Q How did you keep motivated with all the training?

It’s all about being in the right environment, with like minded people, people who are committed to a cause and clear about what they want to achieve.  It’s great if you can find a buddy to exercise with, rather than do it all on your own.  The group dynamic is very powerful.

Q Do you have any relaxation techniques?

My relaxation technique is to go to sleep!  I can recommend a short power nap of 10 – 30 minutes in the afternoon, this helps rejuvenate the mind and body.  When I was a soldier I was told ‘eat when you can, sleep when you can and keep your weapon by your side at all times’! 

And finally

It’s important to take your life seriously to prepare to stand out from the crowd.  Be the very best at what can you can.  Be yourself and enjoy the journey, because that journey sure does fly by!

Eliot Kennedy

Eliot Kennedy

Eliot is a renowned music producer who has produced hit records for Take That, Bryan Adams and The Spice Girls.  I had the pleasure of finding out a little more about Eliot and the fantastic song ‘The Sing’ that he co-produced wtih Gary Barlow last summer for the Jubilee.
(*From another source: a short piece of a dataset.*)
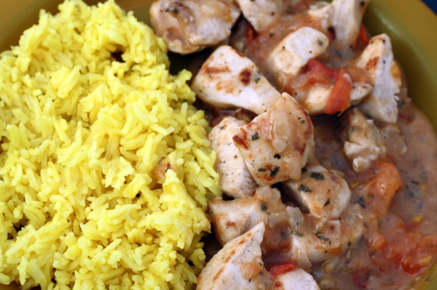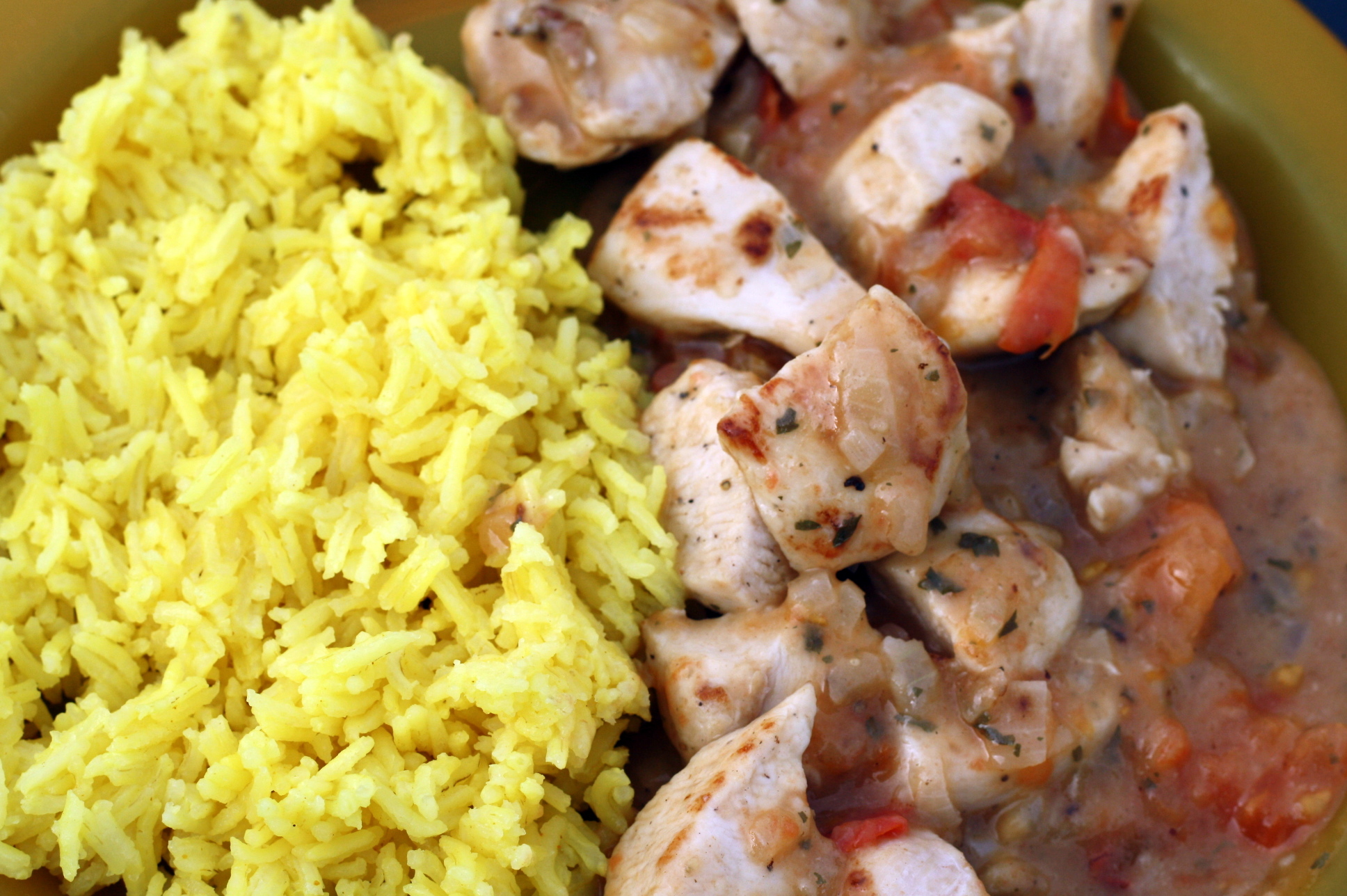 Kip met gele rijst

1    What age were you when you knew music was going to be a huge part of your life?
I grew up in Sydney, Australia, my parents emigrated when I was 4 years old.  I remember clearly I was 8 years old when my father and sister were singers, they appeared on talent shows.  I knew then that I didn’t want to become a performer, but my father quickly realised I had a natural ability to pick up a keyboard and play a tune so he took me to piano lessons.  Music came naturally; I would hear songs and then be able to pull a melody out.  I realised that I wanted to listen to music for a living, and of course this naturally meant that I should become a producer.  Listening skills are an inherent quality in all producers.  I find that, generally in life, friends come to me with their problems, because they know I can really listen to them.

2.    Who inspired you?
It’s simple, my Father inspired me, he was a singer and a performer.  My passion for music and inspiration came from him.

3.    Have you had a mentor?
Throughout different periods in my life, I’ve had mentors but the real kinship and a type of mentoring comes from my close friends Bryan Adams and Gary Barlow.  Gary and I are very similar and we work together so well.  I’ve worked with Bryan for over 15 years, he is a truly generous human being.   Martin Barter was my manager for 18 years, he has unlocked the doors to the world, he is a brilliant man and a wonderful manager

4.    Do you see yourself as an entrepreneur?
Yes I do, it’s not common for a producer to have that attitude, however I am constantly looking for new ideas.  I’m involved in developing new artists with an Academy I created called the Eliot Kennedy Steelworks Academy, I am artist development producer for the X-Factor and currently I’m developing a social media App.

5.    Did you go to University?
No I didn’t, although I was recently awarded a doctorate from Sheffield University.

6.    What advice would you give to someone starting their own business while at College or University?
This very much depends on the field, but my advice is to do the degree to learn your craft.  Everything is competitive and there are a lot of talented people out there that don’t succeed so it comes down to an absolute unwavering belief in what you are doing.  The only thing that gets you through is that belief.  It’s a question of narrowing your options -a laser light focus is essential together with a real belief in yourself and confidence in how to convey yourself.

7.    What has been the most exciting project you have worked on?
The Spice Girls.  They lived in my house whilst the project was going on.  We were young and we had lots of fun.  When they became a worldwide phenomenon we were on top of a massive wave.  Winning a grammy was incredible and walking the red carpet at the global globe awards, then winning the Ivor Novello for the hit single ‘Picture of you’.  It just gets better and better.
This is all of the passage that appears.